Exploring the Legal Dimensions of Online Grooming
What Is Online Grooming?
What is Grooming?
Grooming is the term given to the process of gaining the trust of a child or vulnerable person so that they can be more easily abused. The grooming process may take place over any period of time, long or short, from a day to many months or even years. The perpetrator may assume a false identity in an effort to cover their tracks but this is not always the case.
Grooming in Person
Where the two parties are known to each other, grooming may take place on a face to face basis with meetings progressing over time and gifts or treats being presented to the vulnerable person until they feel a debt of gratitude towards the perpetrator. This was generally how grooming looked before the internet.

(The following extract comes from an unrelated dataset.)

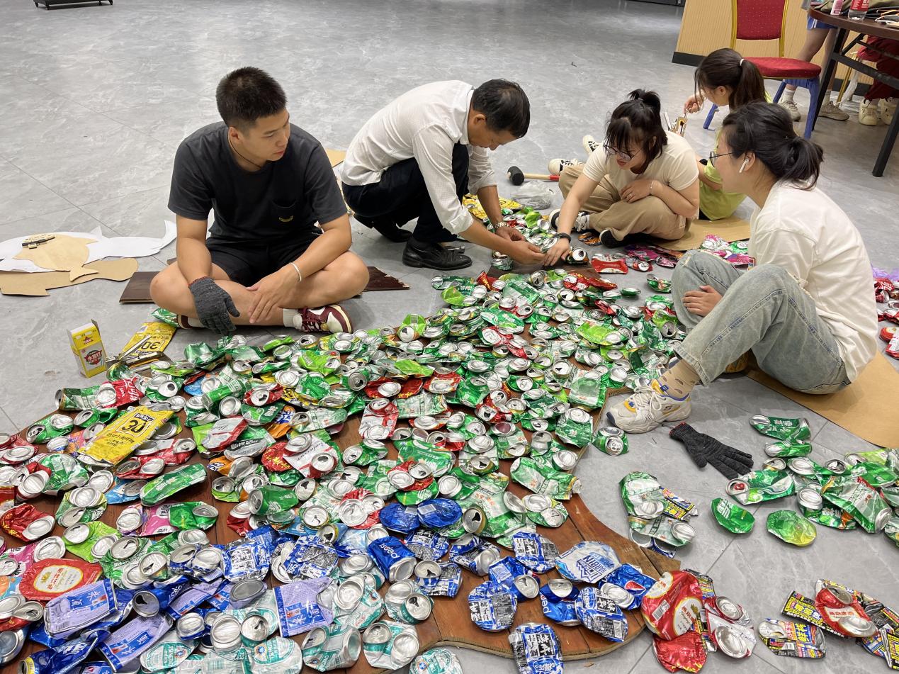 (“花开贤庠 渔你有约”艺术实践团通过废弃物再利用,创作海洋鱼群艺术装置,打造乡村特色记忆点)

Grooming in the online world
Increasingly in the modern world, grooming will take place online. The online world allows the perpetrator to hide behind a false name or a social media account which makes identifying them difficult. Contact can be made with the vulnerable person via messaging apps or online chat rooms. Communication may move from one online platform to another, as the perpetrator seeks ways to isolate the vulnerable person or to ensure that their messaging will be encrypted and therefore more difficult to expose.
Does grooming involve a sexual intention?
The perpetrator’s objective might be to persuade the vulnerable person to meet with them for the purposes of engaging in sexual activity. Or it might be to encourage the sending of sexual images for the perpetrator’s gratification. Either way, the end-goal will generally involve the commission of a sexual offence.
How does the law deal with online grooming offences?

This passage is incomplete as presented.